## Task to complete
From start to finish, set down the entries below exactly, leaving out the pictures.
++++++
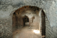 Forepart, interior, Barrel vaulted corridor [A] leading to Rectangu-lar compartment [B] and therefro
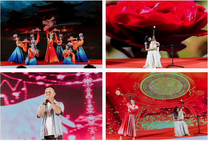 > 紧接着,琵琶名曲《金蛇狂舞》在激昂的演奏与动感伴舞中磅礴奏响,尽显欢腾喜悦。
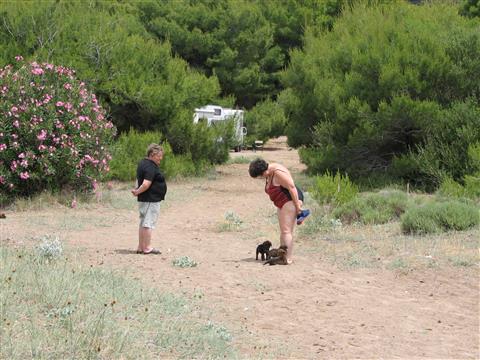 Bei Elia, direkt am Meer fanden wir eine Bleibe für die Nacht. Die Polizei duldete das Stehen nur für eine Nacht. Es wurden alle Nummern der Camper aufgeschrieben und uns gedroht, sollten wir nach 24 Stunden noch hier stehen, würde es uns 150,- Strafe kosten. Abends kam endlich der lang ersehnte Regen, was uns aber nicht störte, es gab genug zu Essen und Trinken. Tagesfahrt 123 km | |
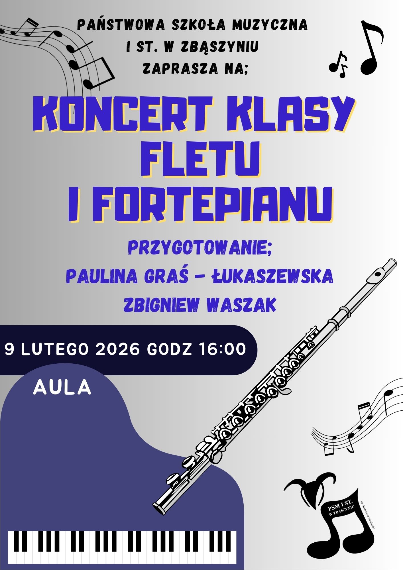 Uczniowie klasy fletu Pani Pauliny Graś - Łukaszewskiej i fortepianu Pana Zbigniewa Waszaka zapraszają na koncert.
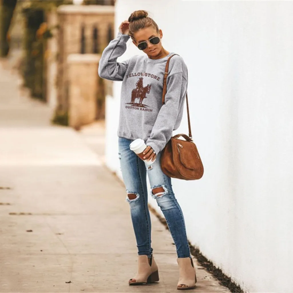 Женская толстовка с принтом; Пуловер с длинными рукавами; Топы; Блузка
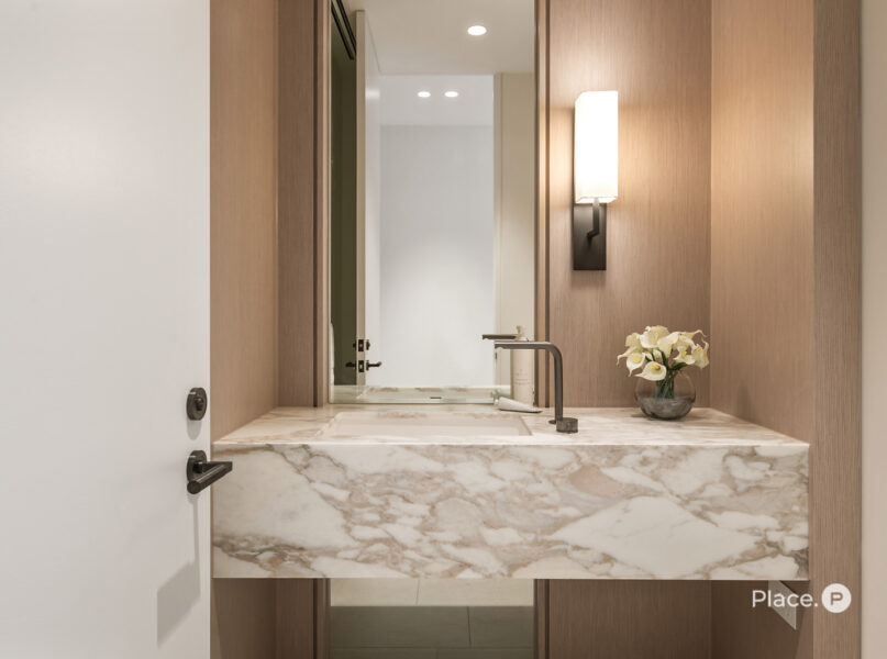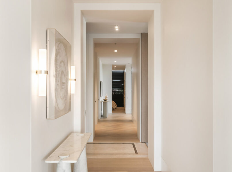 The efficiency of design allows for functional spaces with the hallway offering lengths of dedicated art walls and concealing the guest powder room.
++++++
## Output of the task
 Forepart, interior, Barrel vaulted corridor [A] leading to Rectangu-lar compartment [B] and therefro
 > 紧接着,琵琶名曲《金蛇狂舞》在激昂的演奏与动感伴舞中磅礴奏响,尽显欢腾喜悦。
 Bei Elia, direkt am Meer fanden wir eine Bleibe für die Nacht. Die Polizei duldete das Stehen nur für eine Nacht. Es wurden alle Nummern der Camper aufgeschrieben und uns gedroht, sollten wir nach 24 Stunden noch hier stehen, würde es uns 150,- Strafe kosten. Abends kam endlich der lang ersehnte Regen, was uns aber nicht störte, es gab genug zu Essen und Trinken. Tagesfahrt 123 km | |
 Uczniowie klasy fletu Pani Pauliny Graś - Łukaszewskiej i fortepianu Pana Zbigniewa Waszaka zapraszają na koncert.
 Женская толстовка с принтом; Пуловер с длинными рукавами; Топы; Блузка
 The efficiency of design allows for functional spaces with the hallway offering lengths of dedicated art walls and concealing the guest powder room.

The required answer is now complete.